Here the job is to transcribe the data verbatim while leaving each picture out.

» Extracted data:
___

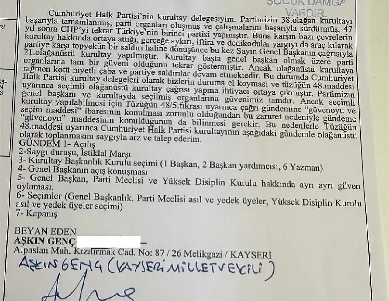 Bu çağrı üzerine CHP Kurultay delegeleri bir bir imzalarını verirken CHP Büyük Kuraltay Olağan delegesi olan CHP Kayseri Milletvekili Aşkın Genç’in de dün Ankara’da olağanüstü kurultayın toplanması için imza verdiği öğrenildi.
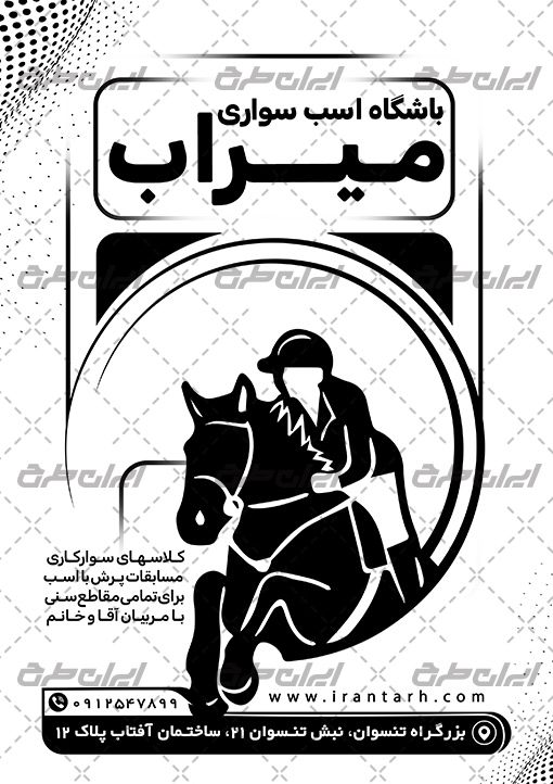 طراحی لایه باز تراکت باشگاه سوارکاری با زمینه مشکی و سفید و وکتور سوارکار، میتواند به طراحی حرفهای و جذاب تراکت کمک کند.
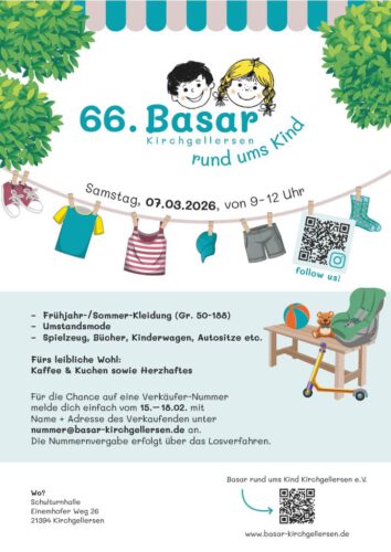Frühjahrs- und Sommerkleidung (Gr. 50–188), Umstandsmode, Spielzeug, Bücher, Kinderwagen und Autositze – alles an einem Ort. Für Kaffee, Kuchen und Herzhaftes ist gesorgt.
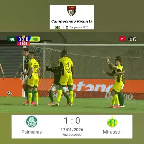CAMPEONATO PAULISTA TEMPORADA 2026 - RODADA 3 17 JAN 2026 PALMEIRAS 1X0 MIRASSOL #kwai #mundodabola #Futebol #viraliza #esporte
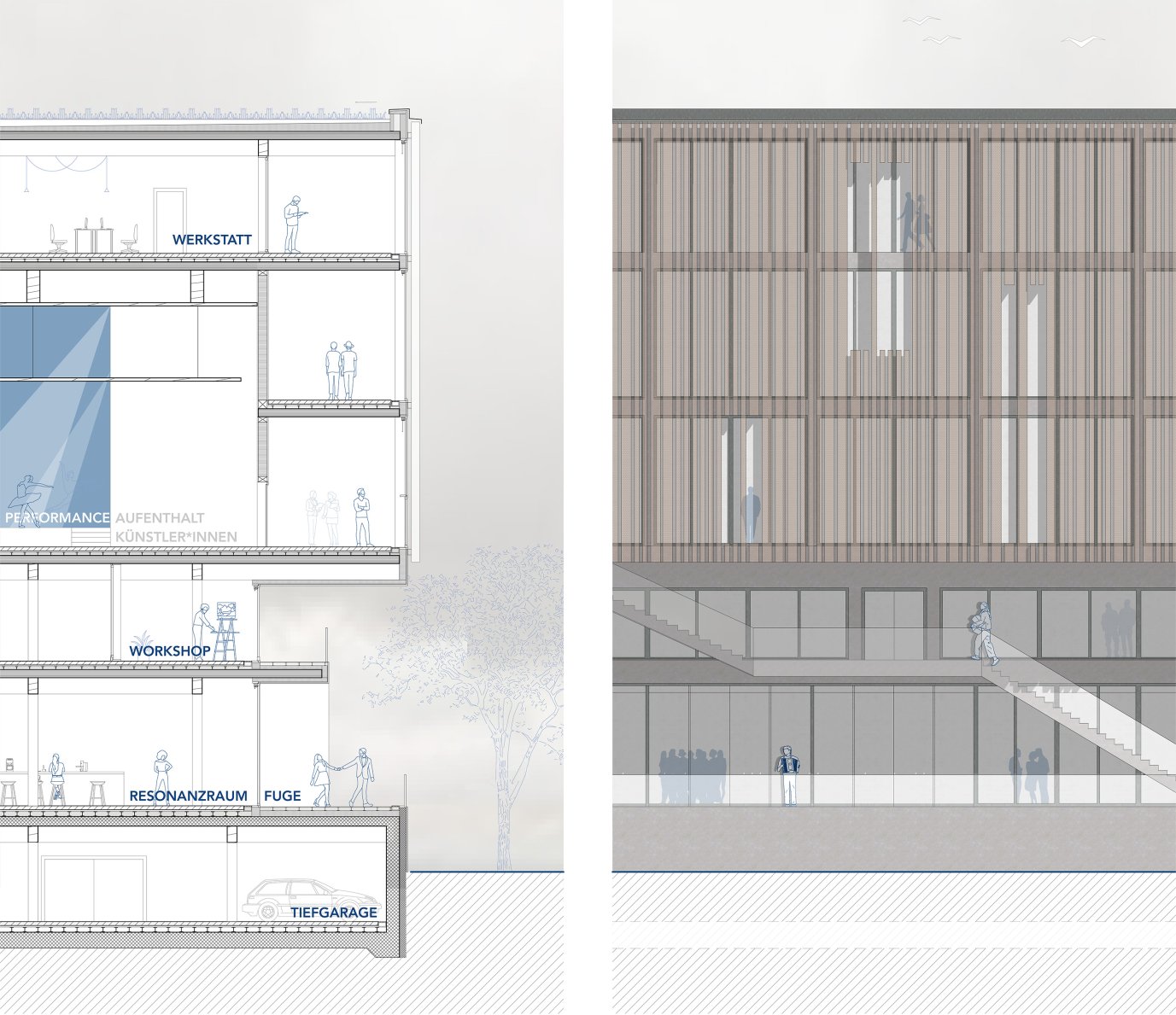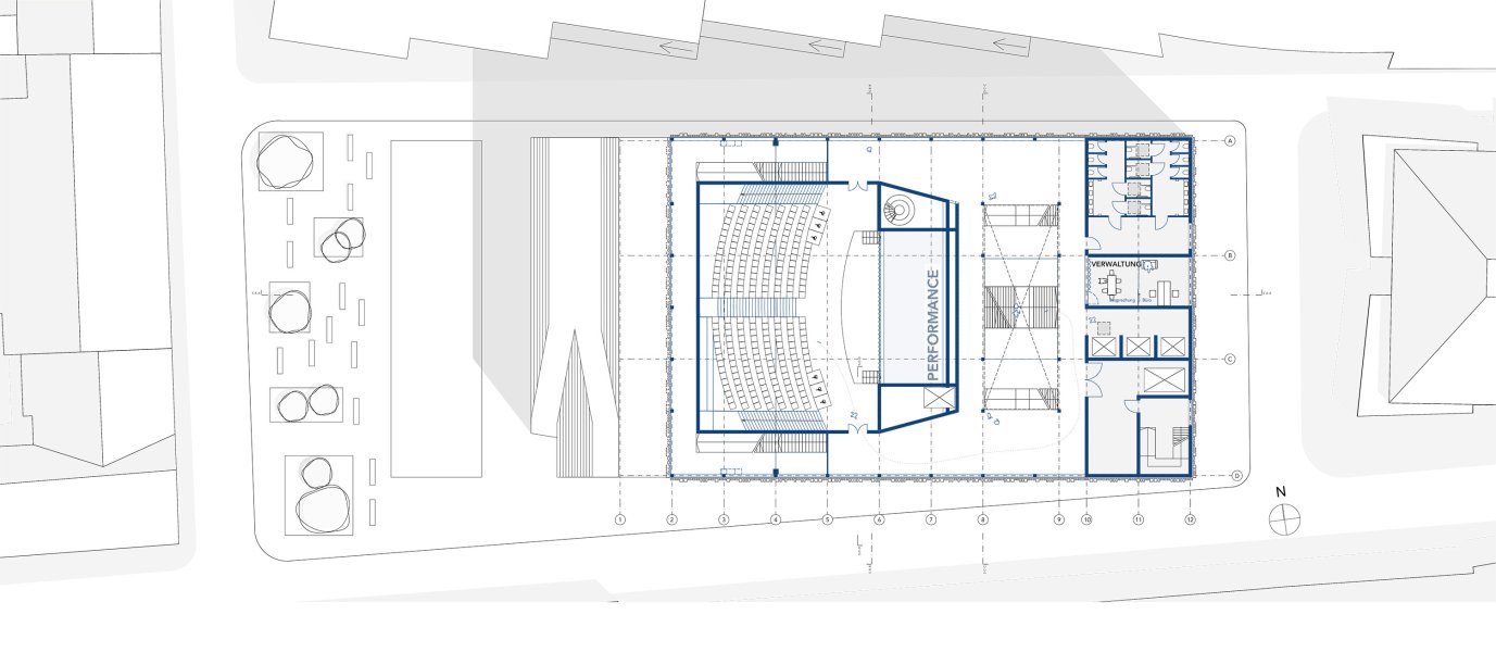 Aufgabe in dieser Bachelorarbeit war es Performance Center für Tanz und Theater zu entwickeln. Ein Haus, das auf unterschiedlichen Ebenen eine Plattform der Aneignung, des Experiments, des Austausches sein kann – mit verschiedenen Akteuren aus unterschiedlichen sozialen Schichten, unterschiedlicher Herkunft, unterschiedlichen Alters – mit dem Ziel, insbesondere Jugendlichen, aber auch Erwachsenen und Kindern ein Forum zu geben, in dem diese die Chance erhalten, sich auszuprobieren, Wirksamkeit zu erhalten und im besten Falle Relevanz im öffentlichen - und damit im politischen - Raum zu entfalten. Ort des Projektes ist ein Grundstück im südlichen Bahnhofsviertel in München, einem Viertel, das von einem überaus lebendigen Miteinander unterschiedlichster Menschen und Kulturen geprägt ist.
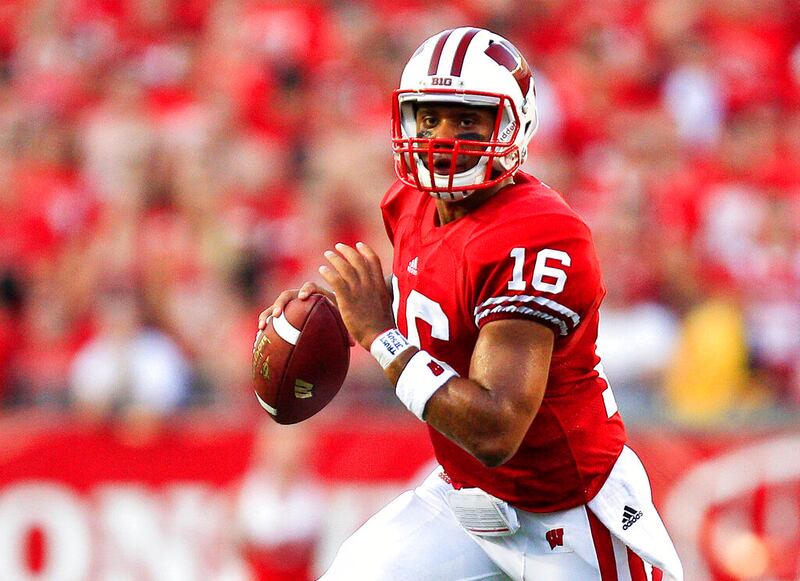 Russell Wilson Wisconsin quarterback Russell Wilson looks to pass against UNLV during the first half of an NCAA college football game Thursday, Sept. 1, 2011, in Madison, Wis. Wisconsin beat UNLV 51-17. (AP Photo/Andy Manis) (Andy Manis/ASSOCIATED PRESS)
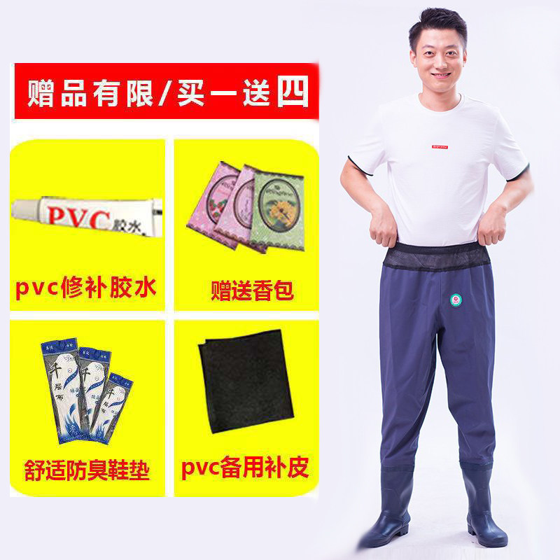 齐腰下水裤防水雨裤加厚水库捕鱼钓鱼衣服男连体雨鞋皮叉半身渔裤
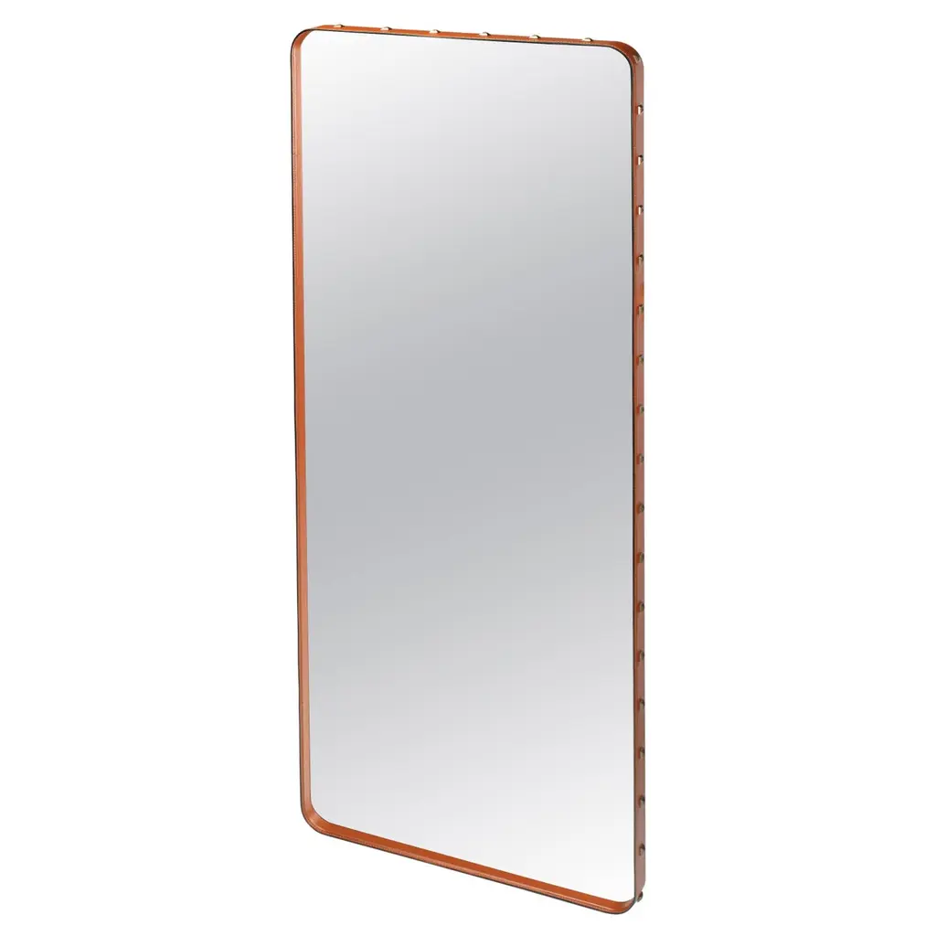 GUBI's Adnet is an elegant wall mirror made of the most refined materials: the best Italian leather and luxurious brass. In the 1950s, designer Jacques Adnet formed a partnership with the beloved French fashion house, Hermès, and designed a range of leather-covered furniture and interior accessories for them. The Adnet mirror was inspired by these very products. Adnet was one of the first designers to combine metal, glass and leather in furniture.
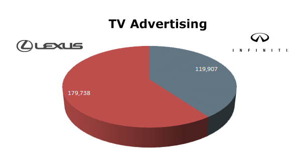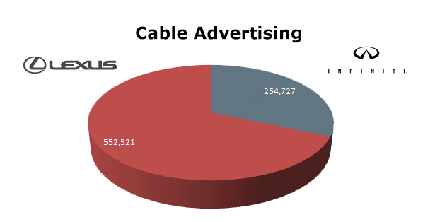 On Broadcast TV Lexus ran 179,738 spots in the last 12 months, while Infiniti aired 119,907 commercials. Lexus ran the most spots in August 2012 with 19,647 and also in December 2012 with 19,918 ads. Infiniti hit their high water mark in August 2012 with 17,270 spots.
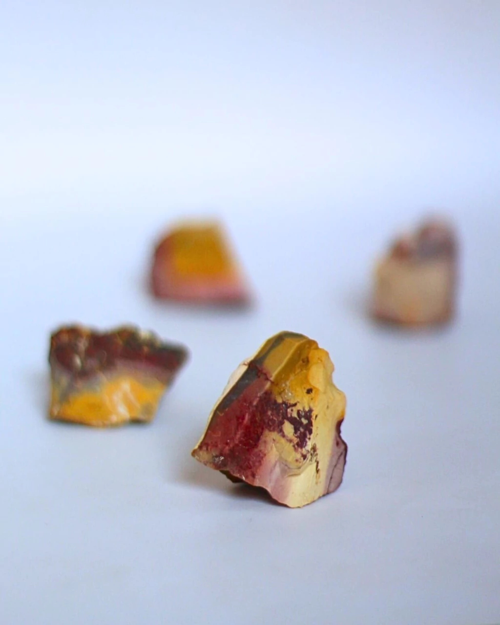 O Jaspe Mookaite é uma variedade única de jaspe originária da Austrália, reconhecida por suas cores vibrantes que variam entre tons de vermelho, amarelo, roxo e branco. Sua energia é fortemente energizante, promovendo vitalidade, coragem e presença no momento presente.
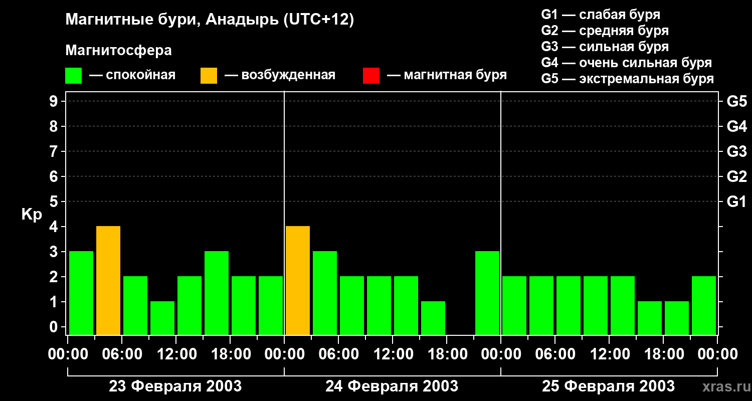 Магнитные бури в Анадыре — 25 февраля 2003 года

___

» Written response:
 Bu çağrı üzerine CHP Kurultay delegeleri bir bir imzalarını verirken CHP Büyük Kuraltay Olağan delegesi olan CHP Kayseri Milletvekili Aşkın Genç’in de dün Ankara’da olağanüstü kurultayın toplanması için imza verdiği öğrenildi.
 طراحی لایه باز تراکت باشگاه سوارکاری با زمینه مشکی و سفید و وکتور سوارکار، میتواند به طراحی حرفهای و جذاب تراکت کمک کند.
Frühjahrs- und Sommerkleidung (Gr. 50–188), Umstandsmode, Spielzeug, Bücher, Kinderwagen und Autositze – alles an einem Ort. Für Kaffee, Kuchen und Herzhaftes ist gesorgt.
CAMPEONATO PAULISTA TEMPORADA 2026 - RODADA 3 17 JAN 2026 PALMEIRAS 1X0 MIRASSOL #kwai #mundodabola #Futebol #viraliza #esporte
 Aufgabe in dieser Bachelorarbeit war es Performance Center für Tanz und Theater zu entwickeln. Ein Haus, das auf unterschiedlichen Ebenen eine Plattform der Aneignung, des Experiments, des Austausches sein kann – mit verschiedenen Akteuren aus unterschiedlichen sozialen Schichten, unterschiedlicher Herkunft, unterschiedlichen Alters – mit dem Ziel, insbesondere Jugendlichen, aber auch Erwachsenen und Kindern ein Forum zu geben, in dem diese die Chance erhalten, sich auszuprobieren, Wirksamkeit zu erhalten und im besten Falle Relevanz im öffentlichen - und damit im politischen - Raum zu entfalten. Ort des Projektes ist ein Grundstück im südlichen Bahnhofsviertel in München, einem Viertel, das von einem überaus lebendigen Miteinander unterschiedlichster Menschen und Kulturen geprägt ist.
 Russell Wilson Wisconsin quarterback Russell Wilson looks to pass against UNLV during the first half of an NCAA college football game Thursday, Sept. 1, 2011, in Madison, Wis. Wisconsin beat UNLV 51-17. (AP Photo/Andy Manis) (Andy Manis/ASSOCIATED PRESS)
 齐腰下水裤防水雨裤加厚水库捕鱼钓鱼衣服男连体雨鞋皮叉半身渔裤
 GUBI's Adnet is an elegant wall mirror made of the most refined materials: the best Italian leather and luxurious brass. In the 1950s, designer Jacques Adnet formed a partnership with the beloved French fashion house, Hermès, and designed a range of leather-covered furniture and interior accessories for them. The Adnet mirror was inspired by these very products. Adnet was one of the first designers to combine metal, glass and leather in furniture.
 On Broadcast TV Lexus ran 179,738 spots in the last 12 months, while Infiniti aired 119,907 commercials. Lexus ran the most spots in August 2012 with 19,647 and also in December 2012 with 19,918 ads. Infiniti hit their high water mark in August 2012 with 17,270 spots.
 O Jaspe Mookaite é uma variedade única de jaspe originária da Austrália, reconhecida por suas cores vibrantes que variam entre tons de vermelho, amarelo, roxo e branco. Sua energia é fortemente energizante, promovendo vitalidade, coragem e presença no momento presente.
 Магнитные бури в Анадыре — 25 февраля 2003 года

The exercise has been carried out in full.